1. Definition
- NearMiss = a family of undersampling methods for imbalanced classification.
- Unlike random undersampling, which drops majority samples randomly, NearMiss selects majority samples based on their distance to minority samples.
- Goal: keep informative majority examples that are hardest to classify, while discarding “easy” ones.
2. How It Works
NearMiss has different versions (commonly NearMiss-1, NearMiss-2, NearMiss-3).
NearMiss-1
- For each majority class sample, compute its average distance to the k closest minority samples.
- Select the majority samples with the smallest average distance.
- Keeps majority samples that are close to minority samples → forces decision boundary to be more precise.
NearMiss-2
- For each majority class sample, compute its average distance to the k farthest minority samples.
- Select majority samples with smallest average distance to those farthest minority samples.
- Ensures minority class is well surrounded by majority samples.
NearMiss-3
- For each minority sample, select a fixed number of its nearest majority samples.
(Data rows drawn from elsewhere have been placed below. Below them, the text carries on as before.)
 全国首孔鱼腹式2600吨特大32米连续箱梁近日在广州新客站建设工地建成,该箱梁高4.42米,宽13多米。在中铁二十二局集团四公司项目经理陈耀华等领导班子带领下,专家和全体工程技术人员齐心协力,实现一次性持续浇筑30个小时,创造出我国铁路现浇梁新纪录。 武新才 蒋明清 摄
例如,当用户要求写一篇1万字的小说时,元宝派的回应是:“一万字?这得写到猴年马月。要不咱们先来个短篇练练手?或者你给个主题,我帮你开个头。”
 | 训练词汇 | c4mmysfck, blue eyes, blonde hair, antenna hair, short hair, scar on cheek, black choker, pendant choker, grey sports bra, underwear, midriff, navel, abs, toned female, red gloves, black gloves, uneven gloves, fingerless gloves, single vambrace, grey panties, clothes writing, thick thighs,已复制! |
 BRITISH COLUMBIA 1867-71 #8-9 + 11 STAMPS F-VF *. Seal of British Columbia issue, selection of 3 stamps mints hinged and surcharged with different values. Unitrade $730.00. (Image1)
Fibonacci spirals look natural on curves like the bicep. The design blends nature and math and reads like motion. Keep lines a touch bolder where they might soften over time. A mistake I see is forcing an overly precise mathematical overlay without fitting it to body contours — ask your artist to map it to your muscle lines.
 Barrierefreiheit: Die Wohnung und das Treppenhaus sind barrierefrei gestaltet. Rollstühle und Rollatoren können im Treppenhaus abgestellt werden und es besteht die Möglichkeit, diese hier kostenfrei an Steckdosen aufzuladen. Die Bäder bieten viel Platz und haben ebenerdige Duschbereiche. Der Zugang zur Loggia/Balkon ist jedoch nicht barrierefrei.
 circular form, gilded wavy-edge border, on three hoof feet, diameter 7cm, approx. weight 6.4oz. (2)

- Ensures every minority sample has nearby majority samples included.
3. Advantages
- Keeps informative boundary points rather than discarding data randomly.
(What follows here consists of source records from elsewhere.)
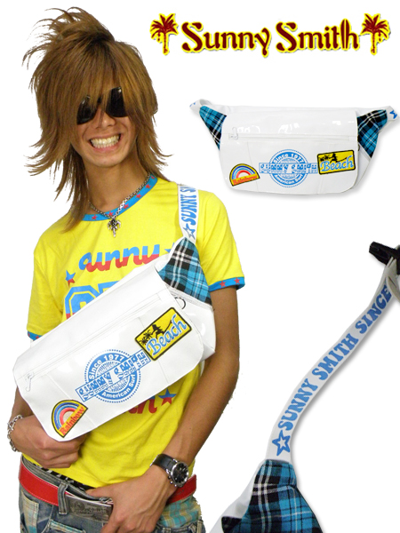 Sunny Smith(サニースミス)から今季☆初のエナメルロゴポーチ入荷致しました!!!フロント部分にはBigプリント&Sunny人気ワッペンを貼り付け、内側など至る部分にチェック生地をふんだんに使用したオシャレな一品!!!さらに機能性も抜群なコチラのバック♪men's egg掲載ITEMとなっております!!!オススメ!!!
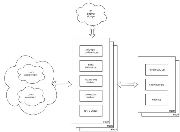 Axxon Datacenter integrates the Axxon One servers, video storages, databases, user web-clients and other solutions into a single system using various infrastructure products (see General building principles of Axxon Datacenter distributed video surveillance system). Example of Axxon Datacenter structure:
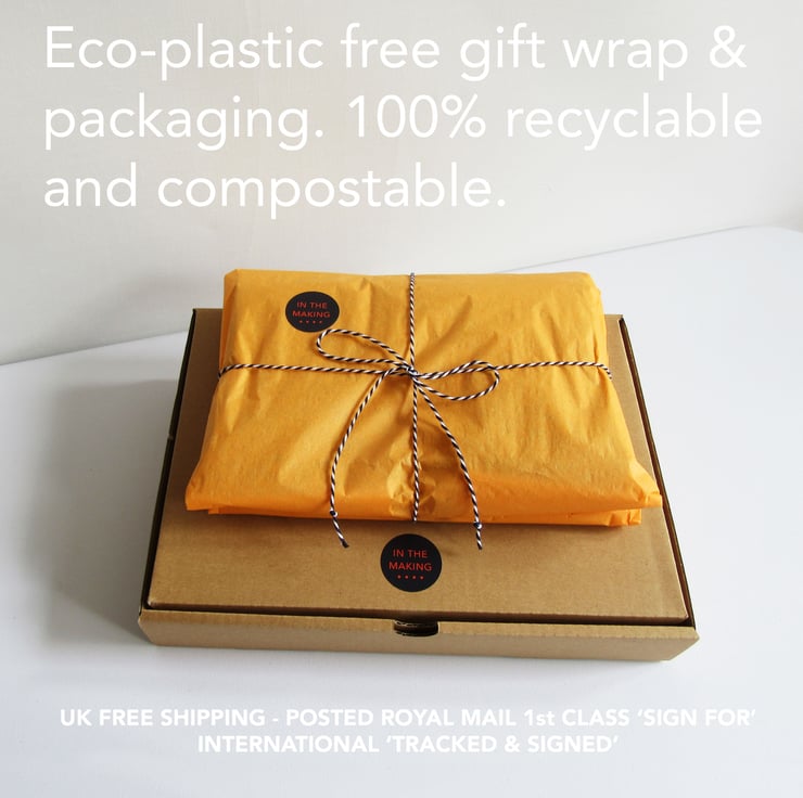 POSTAGE: Royal Mail 1st Class 'Signed For'/ International 'Tracked & Signed'. Gift wrapped and boxed: 100% recyclable paper & card, parcel tape is paper with natural rubber based adhesive fully recyclable & compostable.
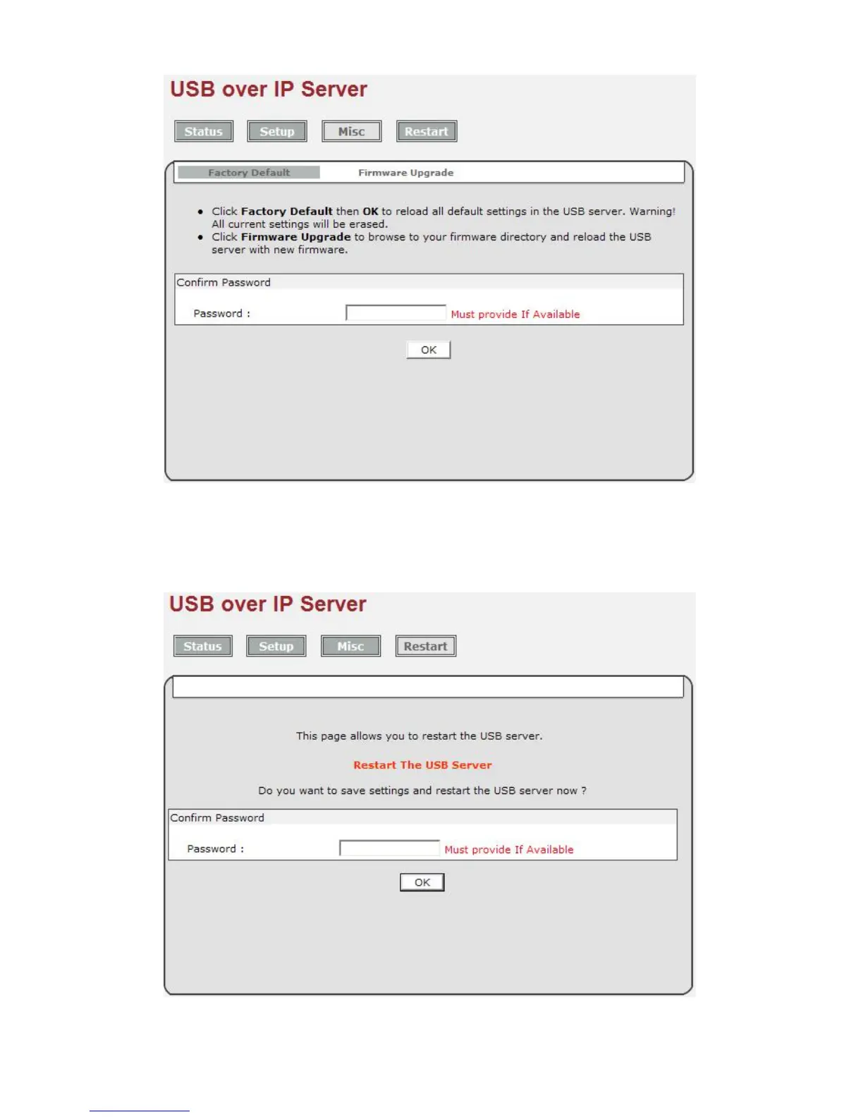The Restart window will allow you to reboot the Network USB over IP Server.
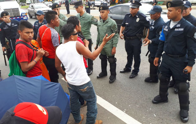 Los moradores de las comunidades de Cerro Patena, Camarón Arriba y Ñamnoní ubicadas en el distrito de Besikó en la comarca Ngäbe-Buglé, se enfrentaron con unidades del Control de Multitudes de la Policía Nacional, quienes los desalojaron de los cuatro paños de la vía Interamericana a la altura de San Juan en el distrito de San Lorenzo, provincia de Chiriquí.
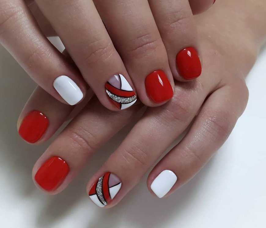 Красный – это универсальный цвет. Его можно наносить в сочетании с другими цветами (особенно красивые сочетания – это золотой, белый либо черный), хорошо смотрится с рисунками. Популярные остаются матированные покрытия. Хорошо сочетается с эффектом омбре, с красиво вырисованной геометрией.
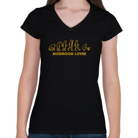 1 kép PRINTFASHION Mushroom lover (sárga felirat) - Női V-nyakú póló - Fekete
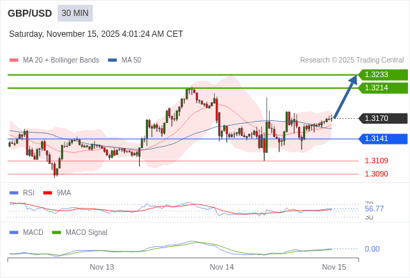 英镑/美元 当日内 : 看涨,当 1.3141 为支撑位。
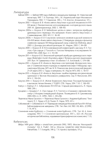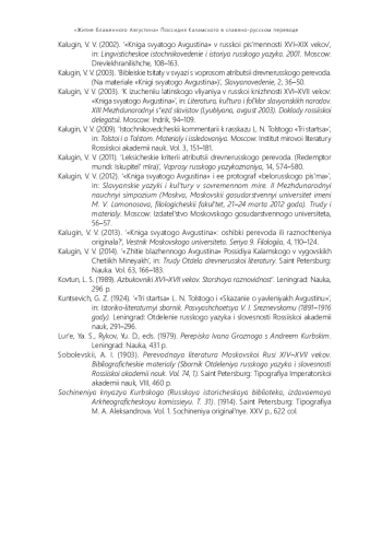 2. 	Калугин В. В. “Книга святого Августина” в русской письменности XVI- XIX веков // Лингвистическое источниковедение и история русского языка. 2001. М.: Древлехранилище, 2002. С. 108-163.
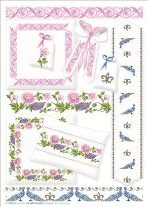 Patroonvel van A3 formaat incl. garenlijst met diverse motiefjes om te borduren: alfabet, bloemen, randjes.
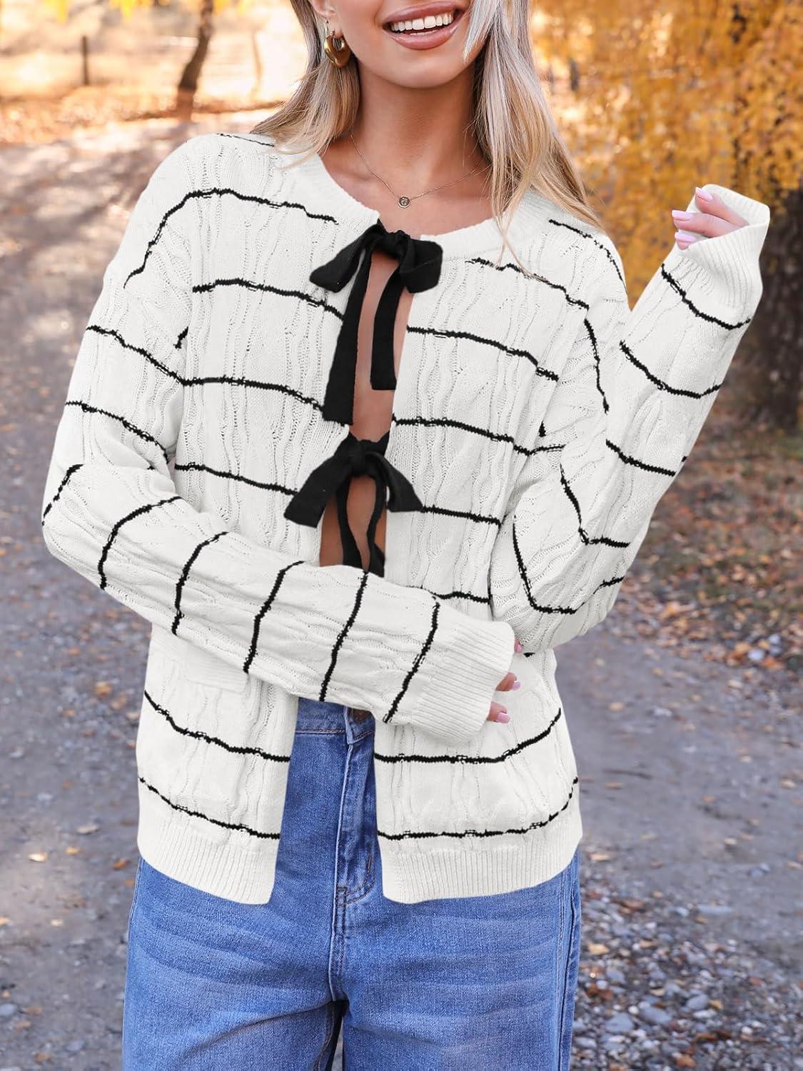 Saodimallsu Womens Striped Tie Front Cardigan Sweaters Crew Neck Long Sleeve Cable Knit Bow Knot Trendy Sweater Tops(White)

- Reduces bias toward the majority class.
- Better generalization than naive undersampling in many cases.
4. Disadvantages
- Computationally expensive (requires distance calculations).
- May remove “easy” samples too aggressively, causing overfitting to difficult regions.
- Choice of k (neighbors) strongly affects results.
5. Example (Python, imbalanced-learn)
from imblearn.under_sampling import NearMiss
from collections import Counter
X, y = ... # features and labels
print("Original distribution:", Counter(y))
nm = NearMiss(version=1) # can choose version=1,2,3
X_res, y_res = nm.fit_resample(X, y)
print("Resampled distribution:", Counter(y_res))
6. Comparison
| Method | Selection Criterion | Effect |
|---|---|---|
| Random Undersampling | Randomly remove majority samples | Fast but may lose important info |
| Cluster-based Undersampling | Use clustering to keep representatives | Preserves diversity |
| NearMiss | Keep majority samples closest/farthest to minority (distance-based) | Focuses on class boundaries |
Summary
- NearMiss = distance-based undersampling strategy for imbalanced datasets.
- Versions differ in how they pick majority samples (closest, farthest, or per minority).
- Helps refine decision boundary but is computationally heavier than random methods.